Given records:
--------------------------------------------------
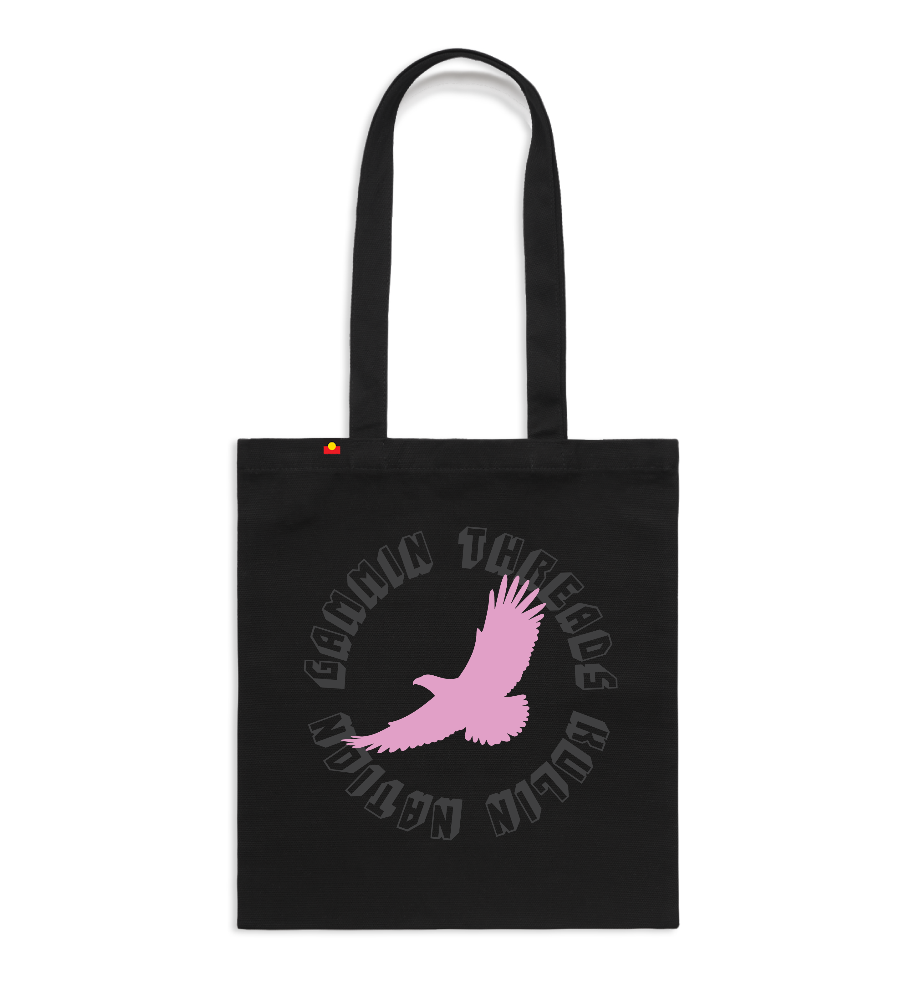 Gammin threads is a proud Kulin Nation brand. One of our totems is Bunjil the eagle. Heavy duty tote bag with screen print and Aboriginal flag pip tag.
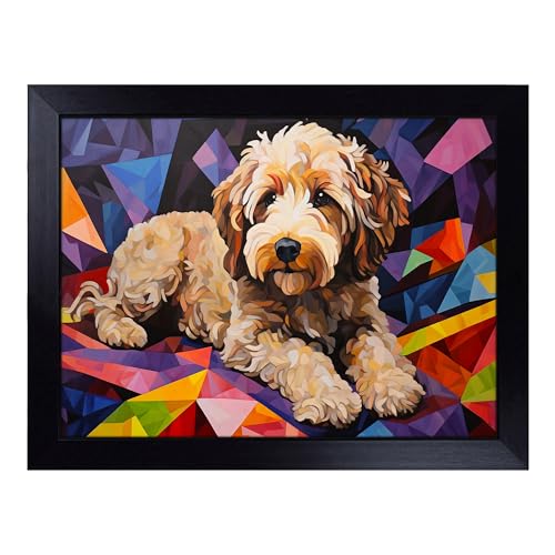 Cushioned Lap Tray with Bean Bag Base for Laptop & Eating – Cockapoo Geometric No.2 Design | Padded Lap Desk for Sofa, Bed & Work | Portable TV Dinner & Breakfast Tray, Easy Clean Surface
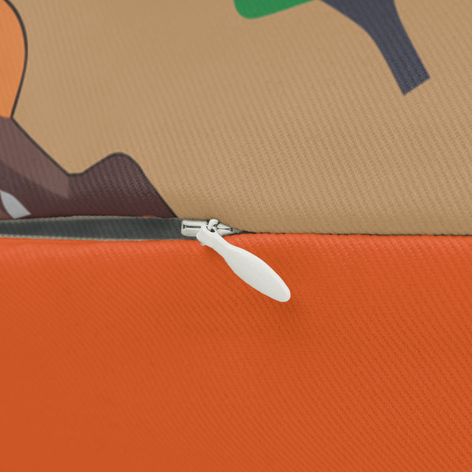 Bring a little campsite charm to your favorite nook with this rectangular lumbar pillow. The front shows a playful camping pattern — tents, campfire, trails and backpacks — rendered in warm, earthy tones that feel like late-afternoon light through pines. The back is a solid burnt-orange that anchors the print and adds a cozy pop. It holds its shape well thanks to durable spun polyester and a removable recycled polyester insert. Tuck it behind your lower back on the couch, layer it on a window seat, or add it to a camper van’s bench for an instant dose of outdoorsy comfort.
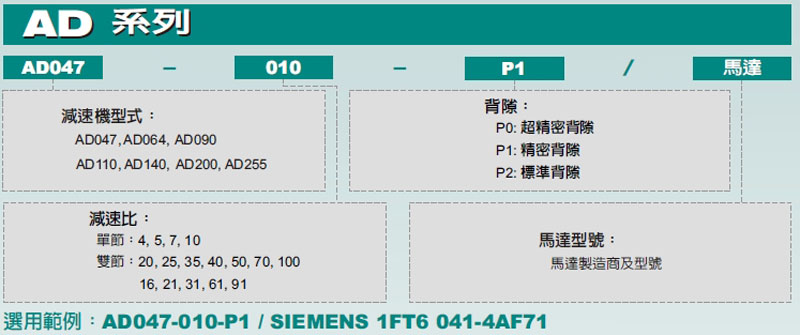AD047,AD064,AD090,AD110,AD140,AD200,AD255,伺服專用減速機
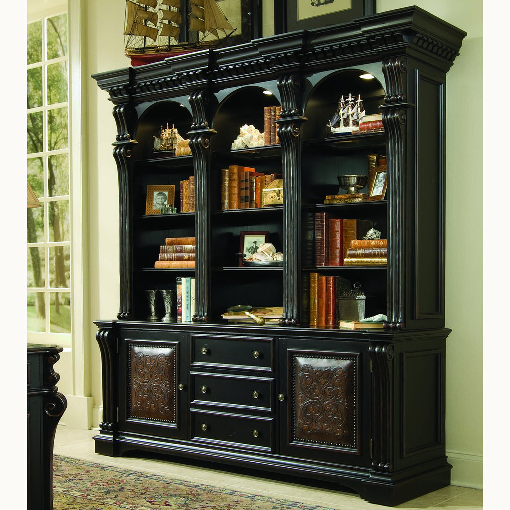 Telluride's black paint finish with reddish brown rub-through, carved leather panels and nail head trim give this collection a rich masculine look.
--------------------------------------------------
Please transcribe the material above exactly as written. Leave the pictures out.

Exercise output:
 Gammin threads is a proud Kulin Nation brand. One of our totems is Bunjil the eagle. Heavy duty tote bag with screen print and Aboriginal flag pip tag.
 Cushioned Lap Tray with Bean Bag Base for Laptop & Eating – Cockapoo Geometric No.2 Design | Padded Lap Desk for Sofa, Bed & Work | Portable TV Dinner & Breakfast Tray, Easy Clean Surface
 Bring a little campsite charm to your favorite nook with this rectangular lumbar pillow. The front shows a playful camping pattern — tents, campfire, trails and backpacks — rendered in warm, earthy tones that feel like late-afternoon light through pines. The back is a solid burnt-orange that anchors the print and adds a cozy pop. It holds its shape well thanks to durable spun polyester and a removable recycled polyester insert. Tuck it behind your lower back on the couch, layer it on a window seat, or add it to a camper van’s bench for an instant dose of outdoorsy comfort.
AD047,AD064,AD090,AD110,AD140,AD200,AD255,伺服專用減速機
 Telluride's black paint finish with reddish brown rub-through, carved leather panels and nail head trim give this collection a rich masculine look.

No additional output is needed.